Most creatures have DNA or Deoxyribonucleic acid as their genetic material, whereas viruses have RNA or Ribonucleic acid. A DNA molecule is made up of two polynucleotide chains, which are chains that contain numerous nucleotides. Let’s take a closer look at the chain’s structure.

Structure Of Polynucleotide Chain

A nucleotide is made of the following components:

 

• Pentose sugar – A pentose sugar is a 5-carbon sugar. In the case of DNA, this sugar is deoxyribose whereas, in RNA, it is ribose.
• Phosphate group
• Nitrogenous bases – Purines and Pyrimidines are the two categories. Adenine and Guanine are purines, while Cytosine and Thymine are pyrimidines. Thymine is replaced by Uracil in RNA. Nucleoside = nitrogenous base + pentose sugar (through N-glycosidic bond).

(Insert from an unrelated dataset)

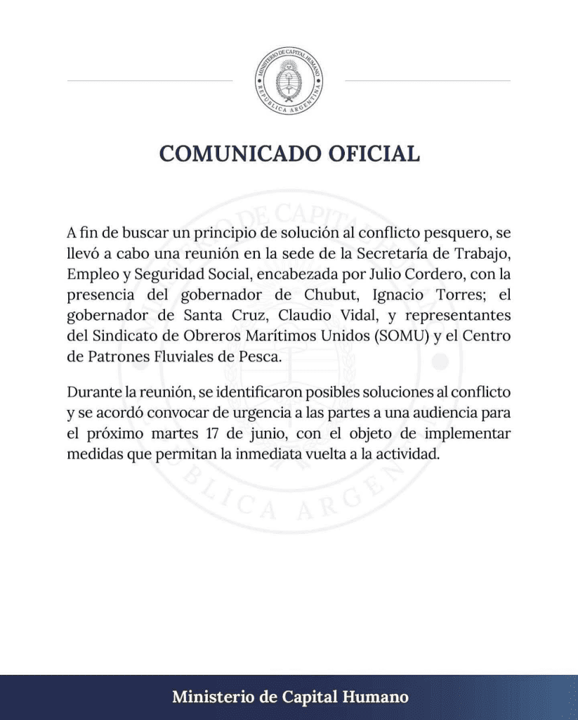 Por gestiones impulsadas por los gobernadores Claudio Vidal de Santa Cruz e Ignacio Torres de Chubut, el Gobierno Nacional convocó a una nueva mesa de trabajo prevista para el próximo martes 17 de junio, con el objetivo de avanzar en una solución al prolongado conflicto que afecta a la actividad pesquera.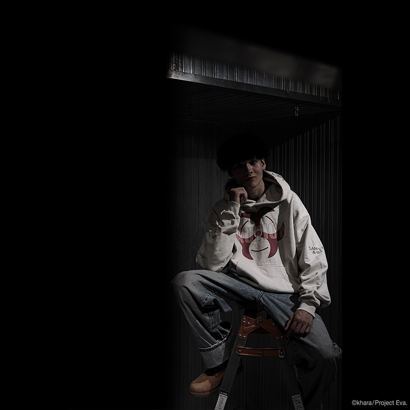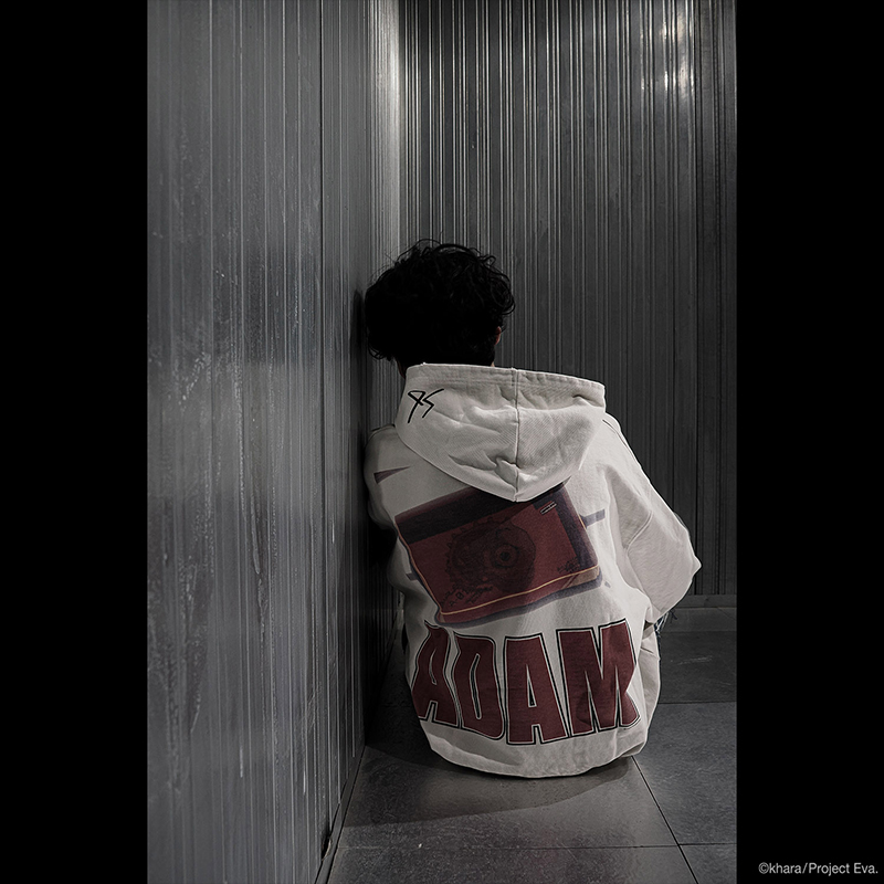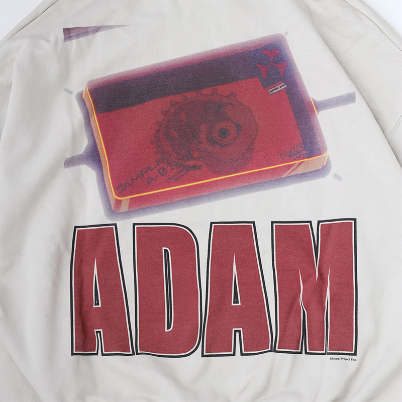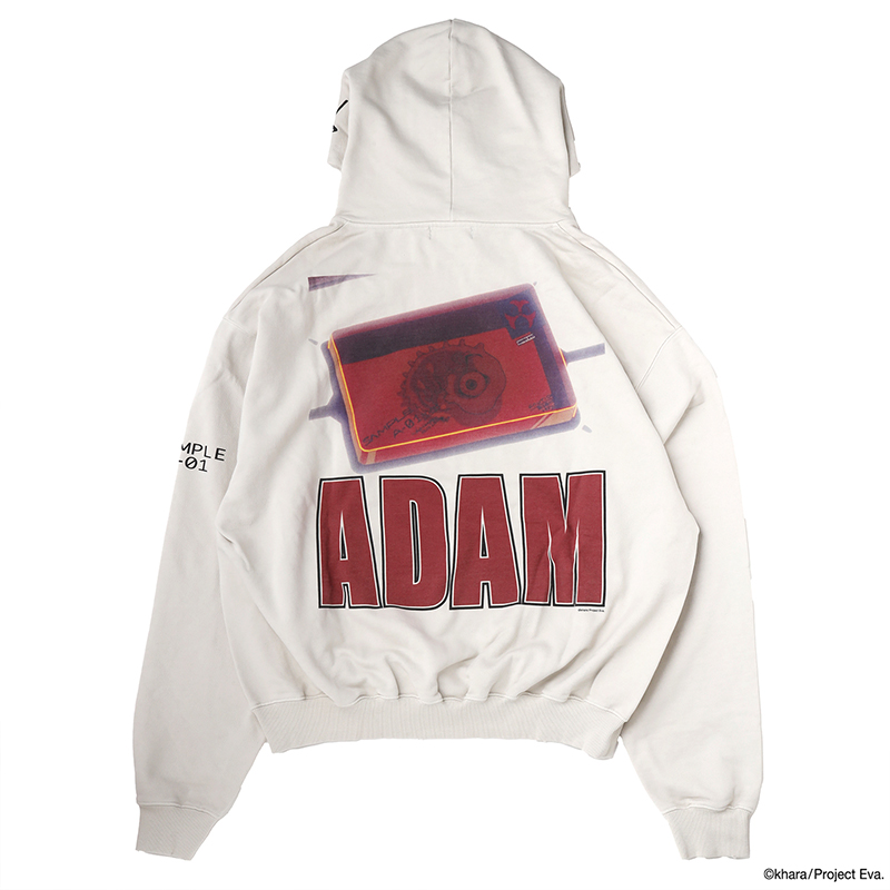 背面にはインパクトあるアダムのシーンカットとADAMの文字をデザイン。フロントにはアダムの入ったケースに明記されたCAUTIONマークをプリント。袖には同じくケースに入ったSAMPLE A-01を、そしてフードにはEVANGELION:95のアイコン"95"をプリントしました。

The free phosphate group at the 5′ ends of a polynucleotide is referred to as the 5′ ends. Similarly, the sugar possesses a free 3′-OH group at the polynucleotide’s opposite end, known as the 3′ ends. The backbone of a polynucleotide chain is made up of pentose sugars and phosphate groups, from which nitrogenous bases extend.

FAQs on DNA Packaging

Question 1: What is Double Helix Structure?

Answer:

In molecular biology, the structure created by double-stranded molecules of nucleic acids like DNA is referred to as a “double helix.” A nucleic acid complex’s double helical helix results from its secondary structure, 

Q2: What happens if DNA is not packaged properly?

Answer:

Inadequate packaging of DNA can cause it to become tangled and damaged, which can result in mutations and perhaps lead to genetic diseases.

Q3:  Can DNA packaging be modified?

Answer:

Yes, epigenetic alteration, a process, can change the way DNA is packaged. This may have an impact on gene expression and contribute to the emergence of specific diseases.